Hubo un momento en el que me lo planteé. Me daba un poco de miedo estar trabajando más de modelo que de actriz por la imagen que eso podía proyectar de mí de cara a los trabajos de actriz. Luego me di cuenta que todo depende de cómo se enfoque y de dónde lo coloque yo en mi escalera de prioridades. La moda siempre me ha gustado y ha formado parte de mi vida de alguna forma, así que poder trabajar puntualmente en ella, me divierte y me sienta bien.
Estoy muy ilusionada con este proyecto. Trabajar con Carmen Machi es un sueño hecho realidad. Es tener muy cerca a una actriz impresionante pero también una compañera generosa y entregada que te mira a los ojos y te acompaña. Mi personaje en la serie es Dani, una chica que se acaba de sacar las oposiciones para ser inspectora de Hacienda y, cuando conoce al personaje de Carmen Machi, Sara, quiere acercarse y aprender todo lo posible de ella.

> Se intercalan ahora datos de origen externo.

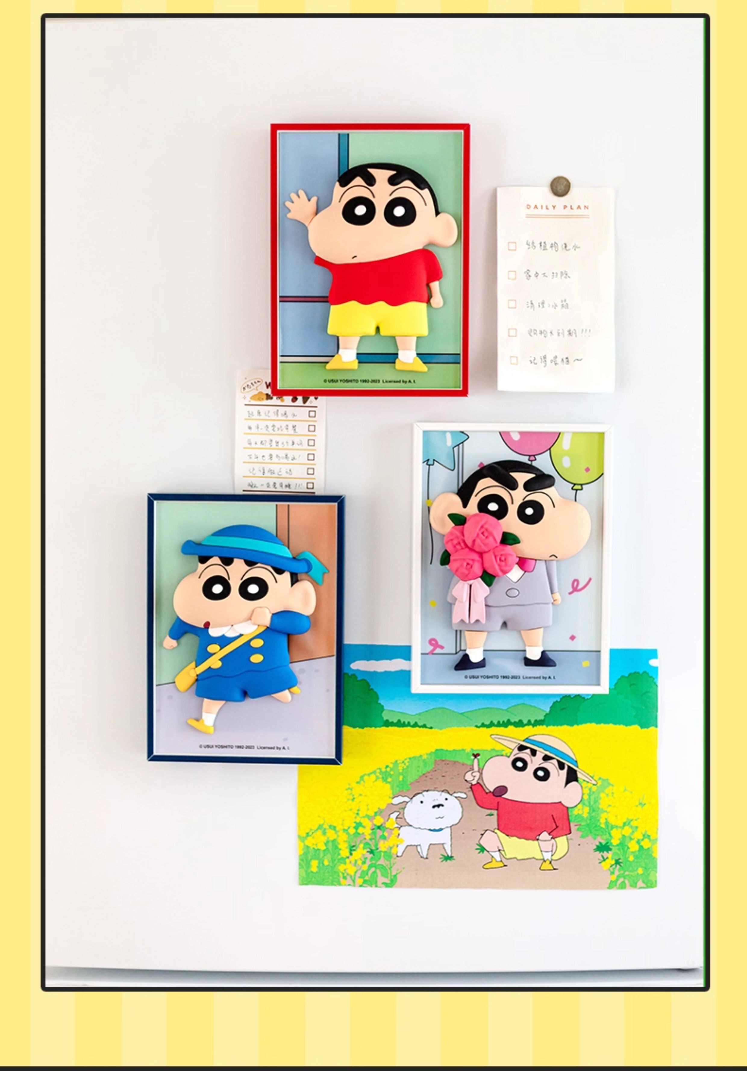 【樂融融】正版 蠟筆小新 3d立体相框 网红冰箱貼 装飾磁貼 卡通可爱擺件 送禮
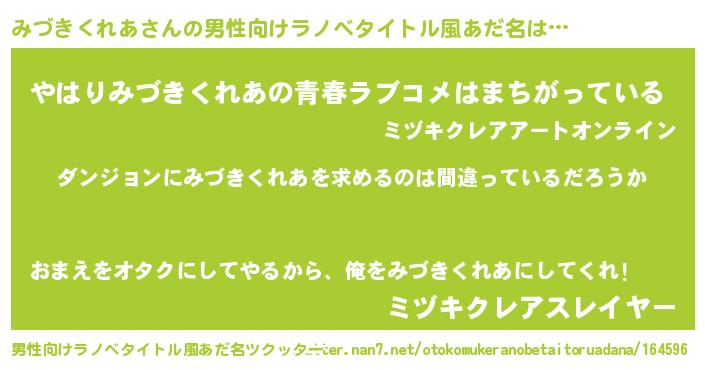 | 女子向けラノベタイトル風あだ名 | 『みづきくれあの卵を拾いまして』 |
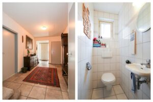 – Hal met garderoberuimte en separaat toilet voorzien van fonteintje.
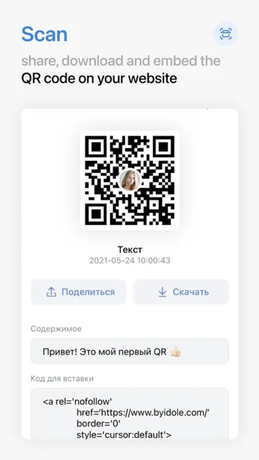 Just paste the link or fill in the fields. You can change the standard design and arrange the QR code in your own unique style: choose the layout and color of the image, upload a logo or photo, add text. Super code scanner - just point the camera at the code and we'll show you which action is right for you to interact with.
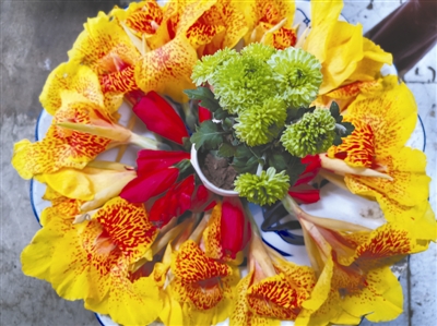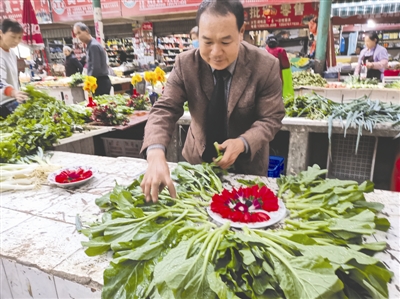 “那時孩子在成都理工大學上學,家里經濟壓力很大?!?年前,王美成接替妻子開始在城區賣菜,他發現有時菜并不好賣?!坝幸淮挝胰ゾ频陞⒓友鐣?,看到酒店里有的菜品裝飾挺好看,我就想是不是也可以把花裝飾在菜攤上。嘗試之后發現效果挺好,大家都喜歡?!?/span>
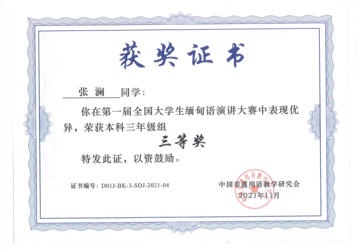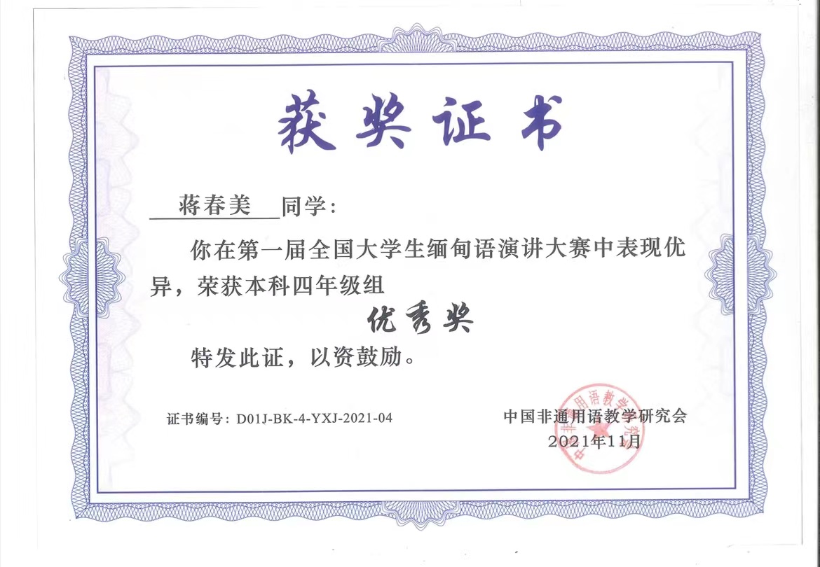 比赛当天选手身着各色缅甸传统服饰,用流利的缅甸语,深情地讲述着一个个令人感动的中缅故事。比赛进行得相当的激烈,来自全国各地的选手们用一口流利而地道的缅甸语自信而大方地进行演讲,堪称视觉与听觉的盛宴。选手们深情并茂的演讲时而慷慨激昂,时而舒缓动情。引起了观众强烈的震撼和共鸣,深深地打动了评委老师,赛场上掌声不断。我校的两位同学也在激烈的竞争中自信的展现了她们的风采。尤其是即兴演讲环节,大家都沉稳淡定,面带微笑,对话题进行深刻地阐述,展现了大家极强的思维能力和缅语专业水平。经过激烈的角逐,我校蒋春美同学获得第一届全国大学生缅甸语演讲大赛本科四年级组优秀奖。张澜同学获得第一届全国大学生缅甸语演讲大赛本科三年级组三等奖。

De alguna manera, a Dani le pasa lo mismo que a mí con Carmen.
Estoy muy contenta porque este año rodaré de nuevo con Irene Moray un cortometraje que se llama «Plàncton» en el que soy la protagonista junto con otro actor. Me apetece mucho rodar en catalán, en el mar y volver a coincidir con Irene. También parece que habrá teatro este año… ¡así que muy feliz y con ganas de seguir construyendo mi camino día a día!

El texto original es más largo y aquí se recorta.